» Task directions: From the first line to the last, copy the material word for word; pictures stay out.

» Data supplied:

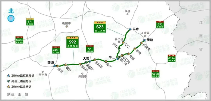 2024年12月31日,S92茶陵至常宁(含安仁支线)高速公路建成通车,全线合计153.655公里,设置收费站10处、服务区3处,设计时速120公里。茶常高速东与G72泉南高速、G0422武深高速相接,西与G0421许广高速、S71华常高速相连,中有G4京港澳高速穿境而过,交通分流效应得以充分发挥。
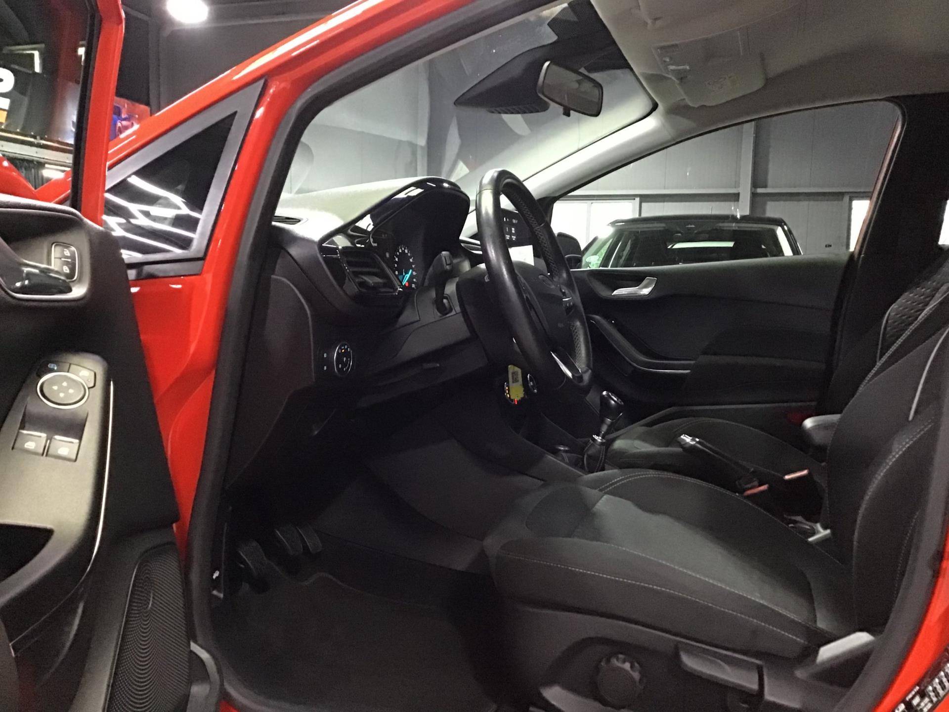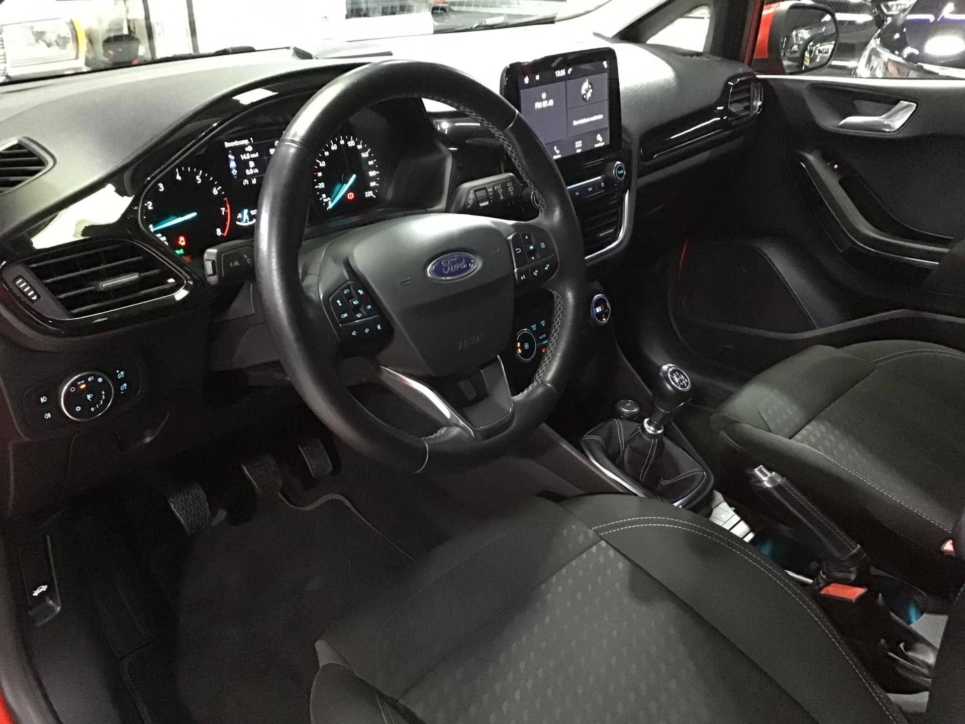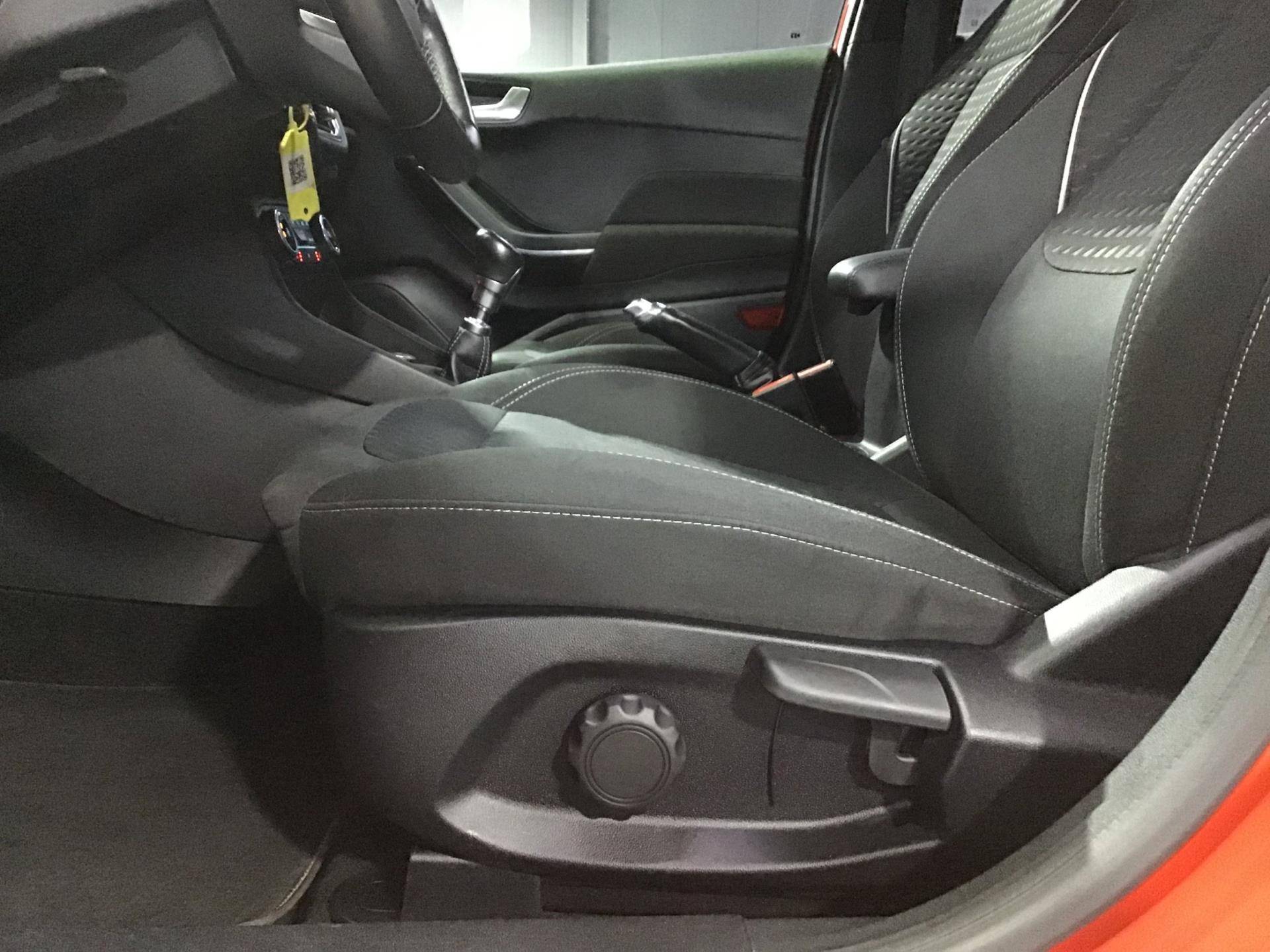Neem plaats in de cockpit, start de motor en voel het vermogen. Met deze sportieve Ford FIESTA hebt u altijd de controle. De aandrijving van deze Ford wordt verzorgd door een driecilinder motor en een handgeschakelde zesversnellingsbak. De verwarmbare voorstoelen zijn een heerlijke extra optie, waarmee u uzelf en uw bijrijder een groot plezier doet. Voor het pittige uiterlijk én goed gesteund zitten zorgen de sportstoelen. Geen gekleum meer in de koude dagen. Het verwarmd stuurwiel voelt als een weldaad na het ijskrabben. Ook 16 inch lichtmetalen velgen, LED-dagrijverlichting, dakspoiler, in delen neerklapbare achterbank, LED-achterlichten en verstelbare lendensteunen horen tot de voorzieningen op deze auto.
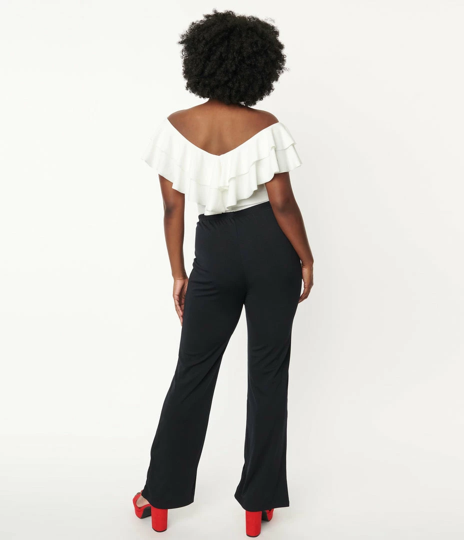 Nothing can stop you now! The retro style separates are crafted in a fabulous black stretch cotton blend and boast a fabulous high waist silhouette accented with faux button tabs and gold buttons. The wide legs drop to your feet while the banded waist is cinched with elastic!
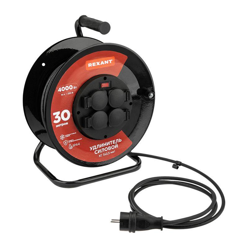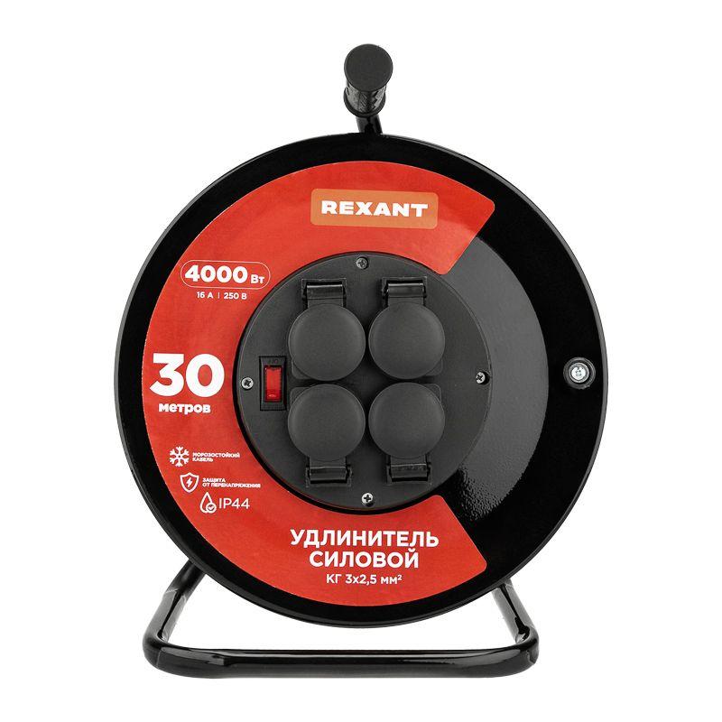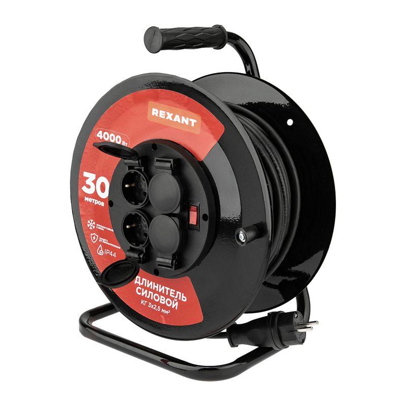 Удлинитель на метал. катушке 4х30м с заземл. IP44 КГ 3х2.5кв.мм с выключателем с защ. крышками Rexant 13-5014 -
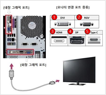 그중에서 모니터연결포트는 DVI, RGV, HDMI, DP, TYPE C등이 있다.
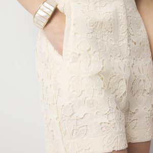 Dress up your summer days with these feminine lace shorts designed with a figure-flattering Hollywood waist.
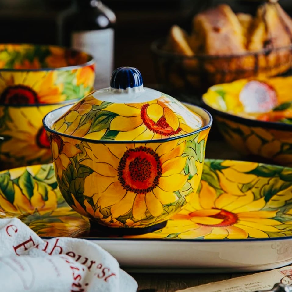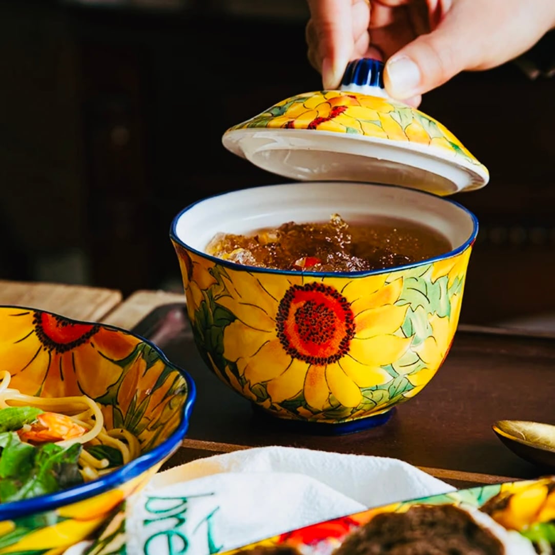 ◎使いやすい大きさのボウル、ひまわりの花柄が美しい、ナチュラルなので、スープ、デザート、サラダはもちろん、煮物などにもマッチする汎用性の高さが魅力です。

» Written response:
 2024年12月31日,S92茶陵至常宁(含安仁支线)高速公路建成通车,全线合计153.655公里,设置收费站10处、服务区3处,设计时速120公里。茶常高速东与G72泉南高速、G0422武深高速相接,西与G0421许广高速、S71华常高速相连,中有G4京港澳高速穿境而过,交通分流效应得以充分发挥。
Neem plaats in de cockpit, start de motor en voel het vermogen. Met deze sportieve Ford FIESTA hebt u altijd de controle. De aandrijving van deze Ford wordt verzorgd door een driecilinder motor en een handgeschakelde zesversnellingsbak. De verwarmbare voorstoelen zijn een heerlijke extra optie, waarmee u uzelf en uw bijrijder een groot plezier doet. Voor het pittige uiterlijk én goed gesteund zitten zorgen de sportstoelen. Geen gekleum meer in de koude dagen. Het verwarmd stuurwiel voelt als een weldaad na het ijskrabben. Ook 16 inch lichtmetalen velgen, LED-dagrijverlichting, dakspoiler, in delen neerklapbare achterbank, LED-achterlichten en verstelbare lendensteunen horen tot de voorzieningen op deze auto.
 Nothing can stop you now! The retro style separates are crafted in a fabulous black stretch cotton blend and boast a fabulous high waist silhouette accented with faux button tabs and gold buttons. The wide legs drop to your feet while the banded waist is cinched with elastic!
 Удлинитель на метал. катушке 4х30м с заземл. IP44 КГ 3х2.5кв.мм с выключателем с защ. крышками Rexant 13-5014 -
 그중에서 모니터연결포트는 DVI, RGV, HDMI, DP, TYPE C등이 있다.
 Dress up your summer days with these feminine lace shorts designed with a figure-flattering Hollywood waist.
 ◎使いやすい大きさのボウル、ひまわりの花柄が美しい、ナチュラルなので、スープ、デザート、サラダはもちろん、煮物などにもマッチする汎用性の高さが魅力です。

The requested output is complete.